Noam Chomsky’s assessment of the debate surrounding Global Warming is perhaps the most lucid I’ve heard.
This week I finished Eaarth by Bill McKibben, a book on climate change which I highly recommend. The writing is clear and skillful; the facts presented are in-depth and vital; the knowledge imparted is challenging to our current sense of normalcy.
The book ends on a high note. Our resourcefulness can prevail. As we learn to defend this environment which sustains every one of us, we can also rebuild the close-knit interdependency of our local communities, and arguably lead lives that are simpler, happier, more deeply satisfying.
When I consider our planet, I am still fascinated by science gleaned in grade school. Our planet is different from any other in that it possesses the rare conditions necessary to maintain vast quantities of liquid water, and therefore to support a diversity of life.
Cosmically speaking, frozen water is fairly commonplace; while liquid water is extraordinary. “Liquid water is essential for the kind of delicate chemistry that makes life possible. [It] is a universal solvent, a mediator of life’s chemical reactions, and it has a structure unlike that of any other liquid.”
So here I find myself on Earth, experiencing the mystery of life owing to a planet that is neither too hot, nor too cold, but just right. I enjoy this hospitable planet along with a seemingly infinite variety of other life forms. The incredible natural beauty and staggering variety are part of Earth’s magnificence.
New information is introduced. By new, I mean within the last fifty years. Billions of years after these life-conducive conditions take hold on Earth, we humans, peering down from atop the food chain, discover our frightening ability to alter the temperature of the planet through our behaviors. Check out this minute-long film circa the 1950’s on global warming.
Consequently, we now find ourselves in the process of permanently altering our environment on Earth, and life as we know it.
Life will continue, but differently than before. How different will be the Earth we leave our children depends a great deal on the decisions we make and the priorities we set today.

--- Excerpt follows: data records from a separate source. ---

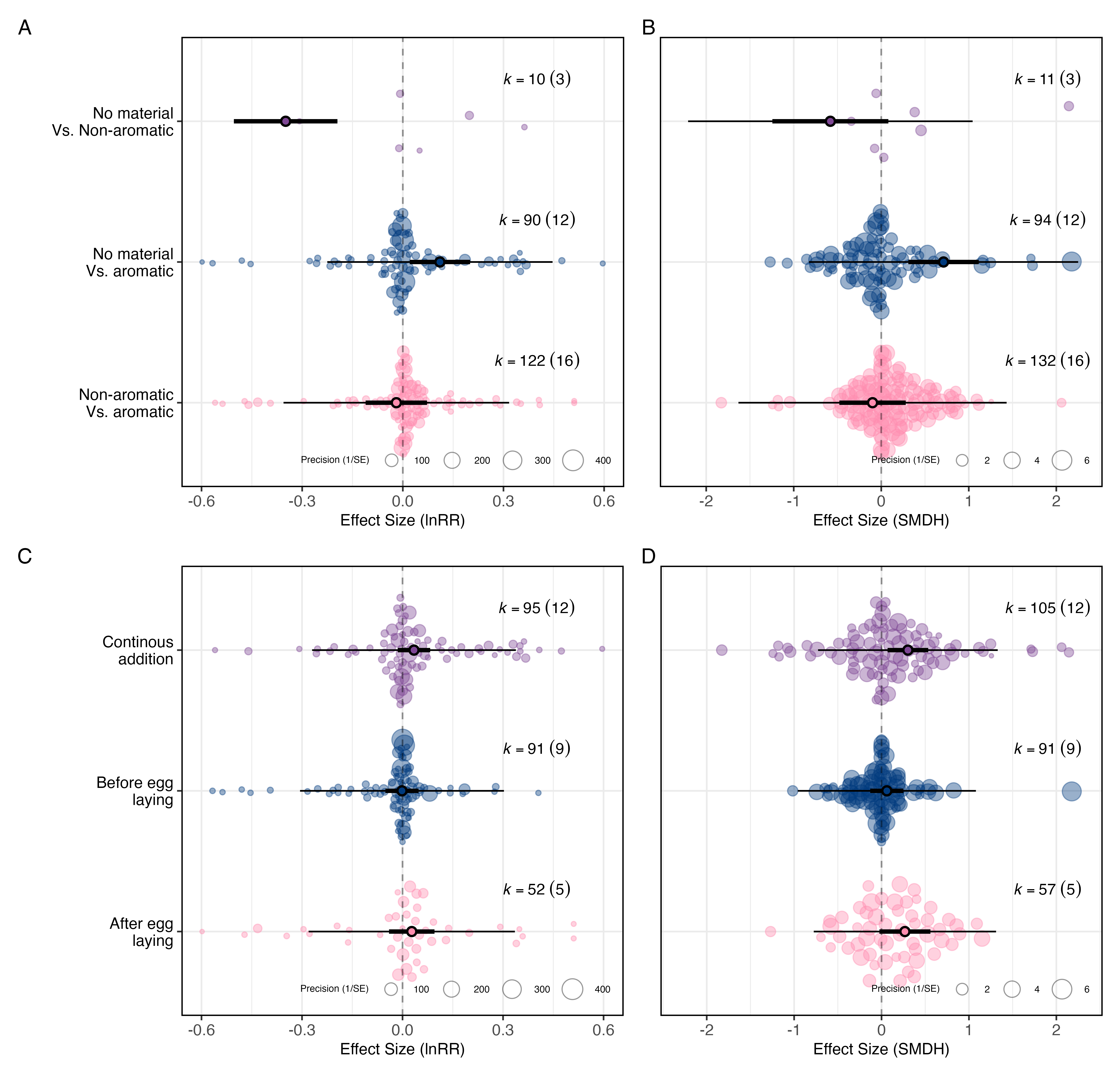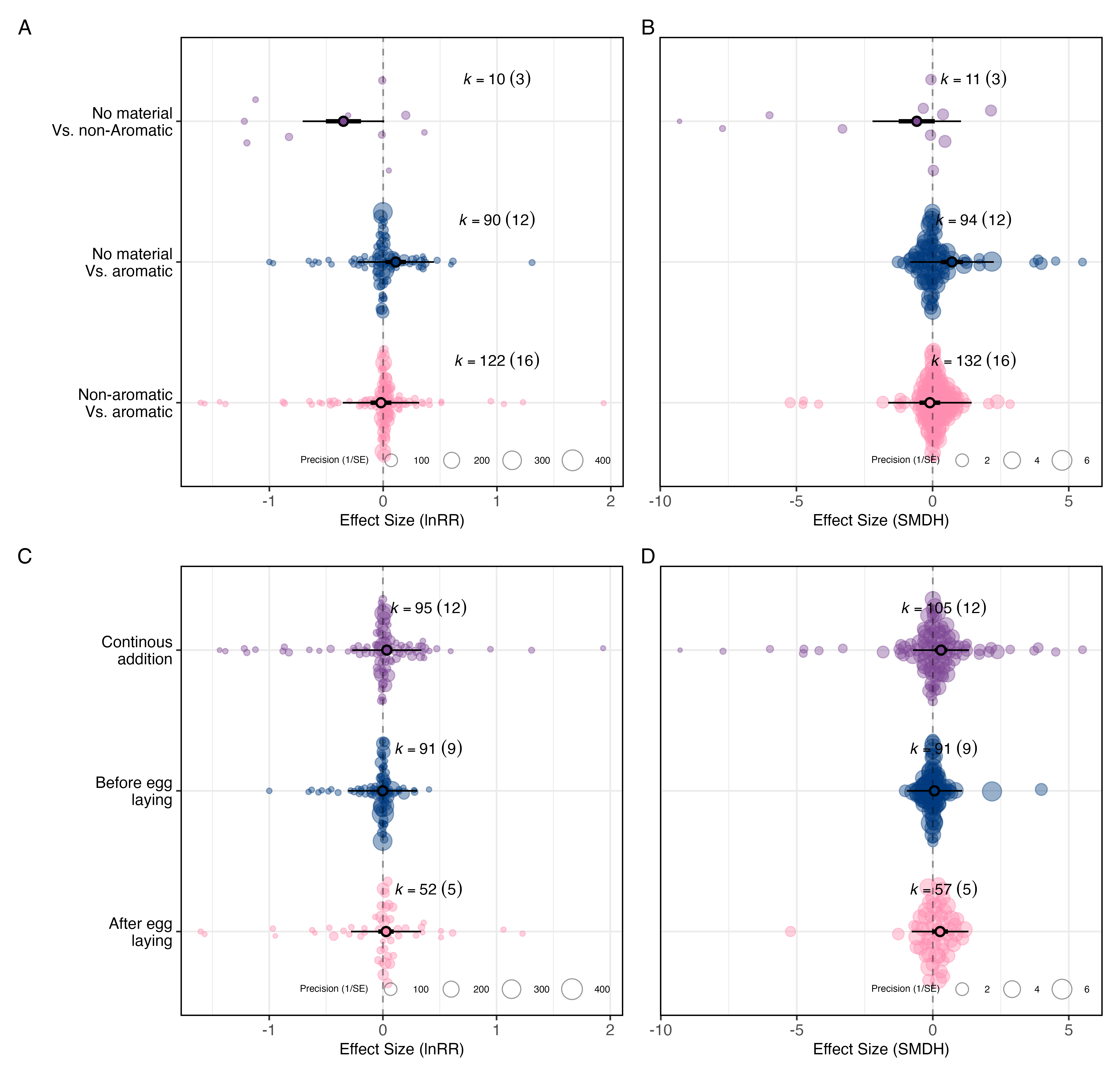 Exploratory meta-regressions: We performed additional pre-registered multilevel meta-regressions for which we did not have clear directional predictions. To understand the effect of type of experimental design (i.e., whether the authors compared non-aromatic vs. aromatic, no added material vs. aromatic, no added material vs. non-aromatic), we ran a meta-regression with the type of ‘experimental design’ as the moderator. To test the effect of time of addition of GNM on fitness (levels: before egg hatching, after egg hatching, continuously throughout the nesting phase), we ran a meta-regression with ‘time of addition of GNM’ as the moderator. We also ran a meta-regression using ‘bird species’ as the moderator (levels: Buteo buteo, Cyanistes caeruleus, Passer cinnamomeus, Parus major, Sturnus unicolor, Sturnus vulgaris, Tachycineta bicolor) to understand if and how the effect of GNM on fitness might differ among species. Furthermore, we explored the effect of GNM on fitness depending on the ‘category of fitness proxy’ studied (levels: behaviour, morphology, parasite and pathogenic load, phenology, physiology, reproduction) using a meta-regression with the fitness proxy category as the moderator. Last, for the subset focusing on parasites and pathogens (k = 90, n = 16)), we ran a meta-regression with the ‘type of parasite’ as the moderator (levels: arthropod, micro-organism).
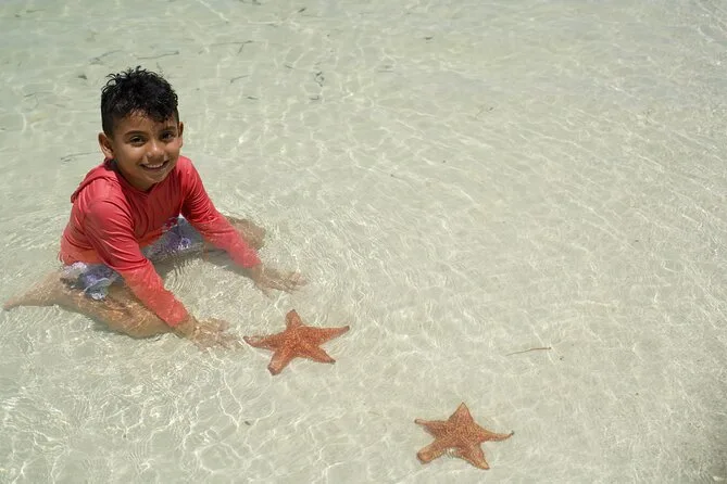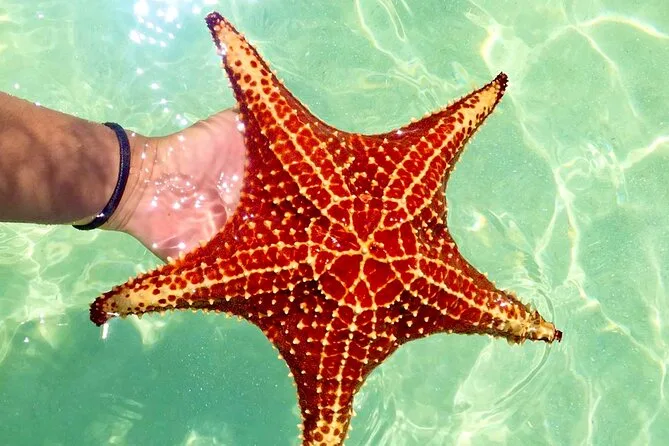 Zum Schluss geht’s zum Starfish Point. Das Wasser hier ist flach und warm – fast wie ein Bad – und leuchtend rot-orange Seesterne bedecken den Sand unter unseren Füßen. Marcus erinnert uns freundlich, sie nicht aus dem Wasser zu heben („Sie müssen dort unten atmen“, sagt er). Ein kleines Mädchen neben mir versucht, sie zu zählen, gibt aber nach zehn auf; ehrlich gesagt sind es einfach zu viele. Wir nippen an unseren Getränken aus der Kühlbox und treiben eine Weile einfach nur so. Noch jetzt denke ich daran, wie friedlich es sich genau in diesem Moment angefühlt hat.
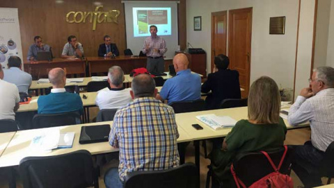 Visita de representantes de Confae a la nueva fábrica de Ornua.El director de Ornua Ingredientes España, Joan Bombardó, les ha explicado que las obras, en las que invierten cerca de 30 millones de euros, avanzan a buen ritmo, con lo que esperan que comience a producir de nuevo a finales del mayo o principios de junio.
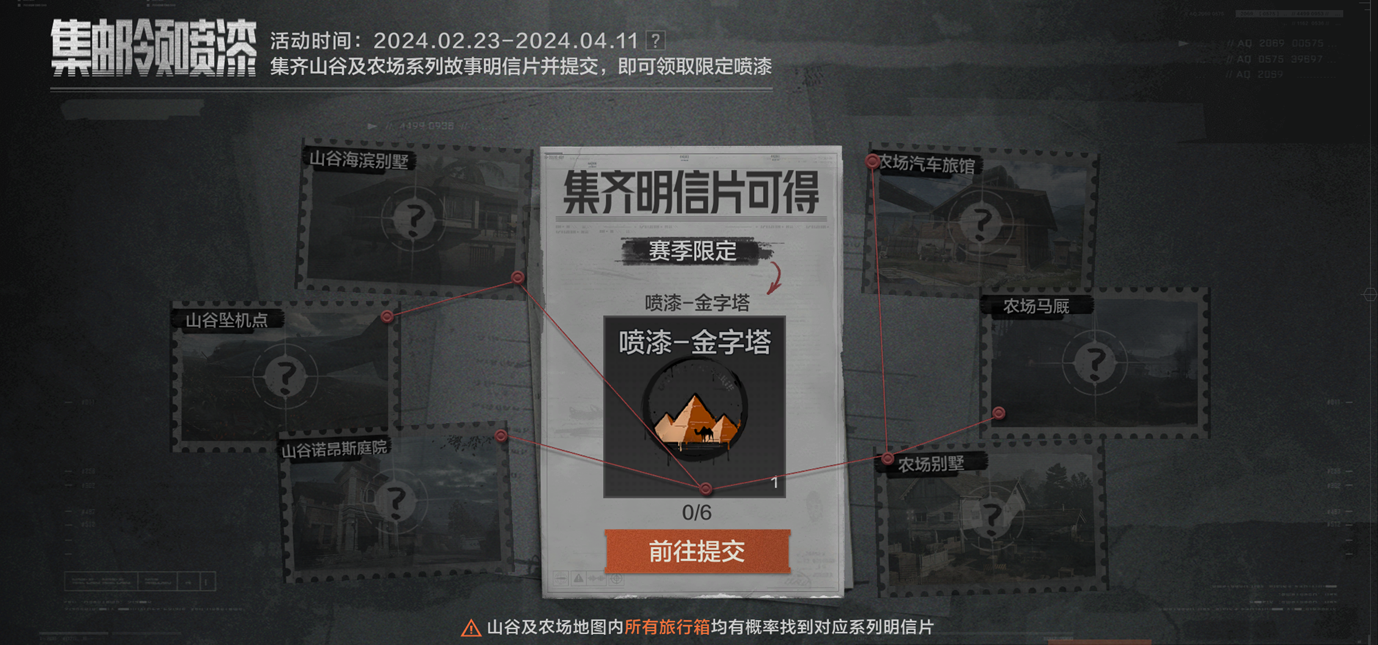 农场与山谷的明信片全部集齐后,先锋可前往活动界面提交6张明信片,领取限定喷漆【金字塔】。
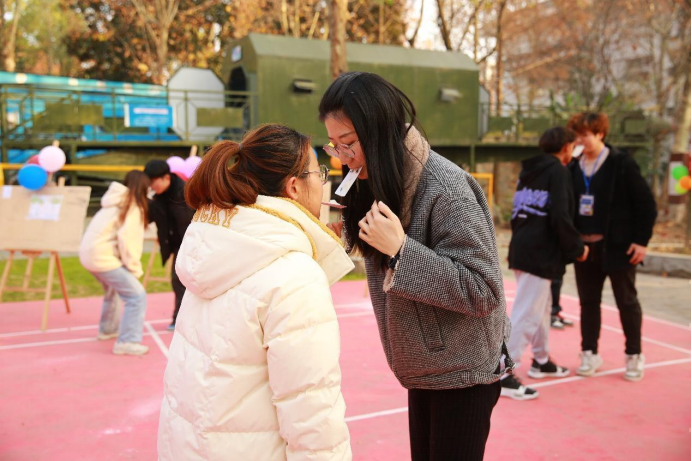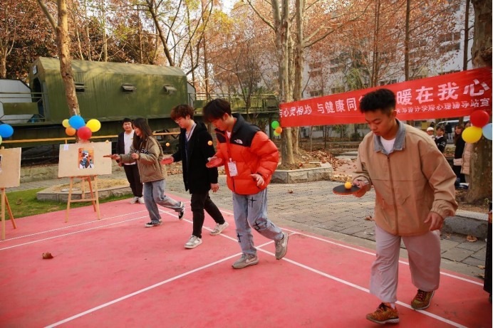 据悉,本次活动面向全校师生,分为线上和线下两部分展开,线上采取征稿投票的方式,在官方QQ发起“温暖伴我行”艺术绘画大赛活动;线下策划设计了“温暖伴我行”团队合作游戏,其中“乒乓球接力赛”考验着同学们的速度、耐心,突显了参与者的心理素质,“传递面粉”展现了团队组织、协作能力,“纸衣往返接力”贴纸奔跑上演了“速度与激情”,“螃蟹接力赛跑”夹气球奔跑则是体现了同学们良好的默契。此次游戏环节各辅导员老师也参与其中,老师们纷纷表示在游戏中释放了压力,并加强了师生之间的情谊。在欢声笑语中我们迎来了最后的“别怕,有我在”留言板活动,横幅上写有展望未来、激励人心的句子,也写有为身边朋友加油打气的励志名言。

One morning this week, I finished reading Eaarth. That evening, I invited my husband Brian to read to me. Anything he liked. By lovely coincidence he chose this poem by Wislawa Szymborska. It’s not about climate change. It’s just about being here. Still I was struck by the recurring theme of “Earth.” Take a deep breath. Look at the pretty photos. Enjoy a poem.
I can’t speak for elsewhere,
but here on Earth we’ve got a fair supply of everything.
Here we manufacture chairs and sorrows,
scissors, tenderness, transistors, violins,
teacups, dams, and quips.
There may be more of everything elsewhere,
but for reasons left unspecified they lack paintings,
picture tubes, pierogies, handkerchiefs for tears.
Here we have countless places with vicinities.
You may take a liking to some,
give them pet names,
protect them from harm.
There may be comparable places elsewhere,
but no one thinks they’re beautiful.
Like nowhere else, or almost nowhere,
you’re given your own torso here,
equipped with the accessories required
for adding your children to the rest.
Not to mention arms, legs, and astounded head.
Ignorance works overtime here,
something is always being counted, compared, measured,
from which roots and conclusions are then drawn.
I know, I know what you’re thinking.
Nothing here can last,
since from and to time immemorial the elements hold sway.
But see, even the elements grow weary
and sometimes take extended breaks
before starting up again.
And I know what you’re thinking next.
Wars, wars, wars.
But there are pauses in between them too.
Attention!–people are evil.
At ease–people are good.
At attention wastelands are created.
At ease houses are constructed in the sweat of brows,
and quickly inhabited.
Life on Earth is quite a bargain.
Dreams, for one, don’t charge admission.
Illusions are costly only when lost.
The body has its own installment plan.
And as an extra, added feature,
you spin on the planets’ carousel for free,
and with it you hitch a ride on the intergalactic blizzard,
with times so dizzying
that nothing here on Earth can even tremble.
Just take a closer look:
the table stands exactly where it stood,
the piece of paper still lies where it was spread,
through the open window comes a breath of air,
the walls reveal no terrifying cracks
through which nowhere might extinguish you.
While writing this blog I learned that Ms. Zymborska died last month, at the age of 88. Rest in peace, Nobel laureate of Poland. Many thanks for your work here.